The need for fast and efficient AI inference
The performance of 800 tokens per second is akin to about 48,000 tokens per minute – fast enough to generate about 500 words of text per second. This is nearly an order of magnitude faster than the everyday inference speeds of huge language models deployed within the cloud on traditional GPUs today.
Fast and efficient AI inference is becoming increasingly essential as language models reach lots of of billions of parameters in size. While training these massive models is enormously computationally intensive, deploying them inexpensively requires hardware that may run them quickly without consuming enormous amounts of energy. This is particularly true for latency-sensitive applications corresponding to chatbots, virtual assistants, and interactive experiences.
The energy efficiency of AI inference can be coming under increasing scrutiny because the technology becomes more widely used. Data centers already devour significant power, and the computational demands of large-scale AI threaten to dramatically increase this power consumption. Hardware that may deliver the required inference performance while minimizing energy consumption will probably be key to creating AI sustainable at scale. Groq's Tensor Streaming Processor was designed with this efficiency imperative in mind and guarantees to significantly reduce the ability costs of running large neural networks in comparison with general-purpose processors.
Challenging Nvidia's dominance
Nvidia currently dominates the AI processor market, with its A100 and H100 GPUs powering the overwhelming majority of cloud AI services. But numerous well-funded startups corresponding to Groq, Cerebras, SambaNova and Graphcore are difficult this dominance with latest architectures designed specifically for AI.
Of these challengers, Groq has been probably the most vocal in relation to targeted conclusions and training. CEO Jonathan Ross has boldly predicted that by the tip of 2024, most AI startups will probably be using Groq's low-precision Tensor streaming processors for inference.
Meta's release of LLaMA 3, described as probably the most powerful open source language models available, provides Groq with a high-profile opportunity to showcase the inference capabilities of its hardware. The model, which Meta claims is on par with the most effective closed-source offerings, is predicted to be widely used for benchmarking and deployed in lots of AI applications.

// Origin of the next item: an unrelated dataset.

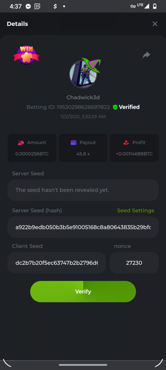 bassabar Posted November 9, 2021 Share Posted November 9, 2021 Betting ID: 13647331597490725 Multiplier: 106.5x Betamount Link to comment Share on other sites More sharing options...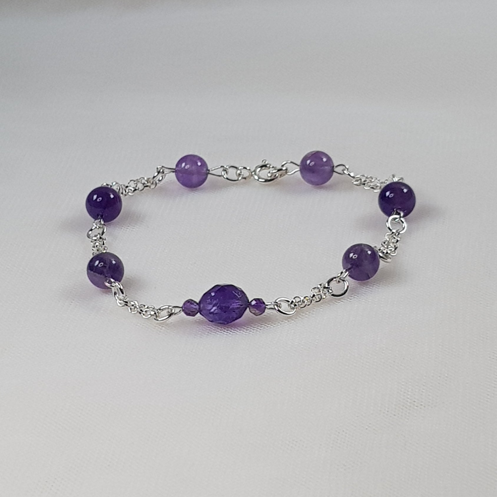 compose de pierres améthyste + perles argent 925  +chainette argent 925

If Groq's hardware can run LLaMA 3 significantly faster and more efficiently than mainstream alternatives, that may bolster the startup's claims and potentially speed up the adoption of its technology. Groq recently launched a brand new business unit to make its chips more accessible to customers through a cloud service and partnerships.
The combination of powerful open models like LLaMA and highly efficient “AI-first” inference hardware like Groq’s could make advanced voice AI cheaper and accessible to a wider range of firms and developers. But Nvidia won't hand over its lead that quickly and other challengers are also within the starting blocks.
What is definite is that there’s a race to construct an infrastructure that may keep pace with the explosive advances in AI model development and scale the technology to satisfy the needs of a rapidly expanding range of applications. Near real-time AI inference at an inexpensive cost could unlock transformative opportunities in areas corresponding to e-commerce, education, finance, healthcare and more.
As An X.com user responded to Groq's LLaMA 3 benchmark claim: “Speed + low_cost + quality = it is senseless (for the time being) to make use of anything”. The coming months will show whether this daring equation works, nevertheless it's clear that the hardware fundamentals of AI are removed from settled as a brand new wave of architectures challenge the established order.